Ramey Construction Co. v. Apache Tribe of the Mescalero Reservation

616 F.2d 464
CourtCourt of Appeals for the Tenth Circuit
DecidedMarch 4, 1980
DocketNo. 78-1376
StatusPublished
Cited by6 cases

This text of 616 F.2d 464 (Ramey Construction Co. v. Apache Tribe of the Mescalero Reservation) is published on Counsel Stack Legal Research, covering Court of Appeals for the Tenth Circuit primary law. Counsel Stack provides free access to over 12 million legal documents including statutes, case law, regulations, and constitutions.

Bluebook
Ramey Construction Co. v. Apache Tribe of the Mescalero Reservation, 616 F.2d 464 (10th Cir. 1980).

Opinion

McKAY, Circuit Judge.

Ramey Construction Company (Ramey) appeals from an adverse judgment of the district court. Following a lengthy, factually complex trial, the district judge adopt[466]*466ed nearly verbatim the defendants’ proposed findings of fact and conclusions of law. Ramey urges that the court’s verbatim adoption of the defendants’ proposals evinces an abdication of its judicial function and, in any case, that the court’s factual findings were clearly erroneous and its conclusions of law unfounded.

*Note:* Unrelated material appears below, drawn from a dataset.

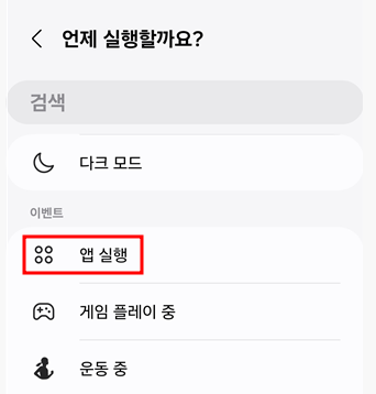 3. 앱 실행 선택: "앱 실행"을 선택하고, 상단 검색창에 "녹음"을 입력하여 선택한 후 완료 버튼을 누릅니다.

Ramey was a prime contractor for the construction of buildings on the Mescalero Apache Tribe’s reservation. Ramey contracted directly with the Tribe, as did several other prime contractors, including defendant Boyle Engineering Corporation (Boyle). In the course of its work, Ramey encountered significant delays, causing it to file the present breach of contract action. Ramey charges that the Tribe and Boyle, the design contractor, breached their contractual obligation to coordinate the work of the various prime contractors. As a result, Ramey alleges, delay built upon delay — to Ramey’s financial detriment. However, the trial court concluded that Ramey “failed to prove a legal right to recover against either defendant.” Record, vol. 5, at 1005, Conclusion 2.

The trial court adopted the defendants’ proposed findings of fact and conclusions of law with virtually no changes. Minor changes were made in capitalization, the wording (but not substance) of one conclusion of law (number 12), and the citation form for the Federal Rules of Civil Procedure. In addition, the final proposed conclusion of law, which was obviously conditional in form and was made unnecessary by the adoption of the remainder of the proposals, was deleted. Other than such superficial changes, however, the body of the proposals was adopted intact,1 and no legal authority was cited.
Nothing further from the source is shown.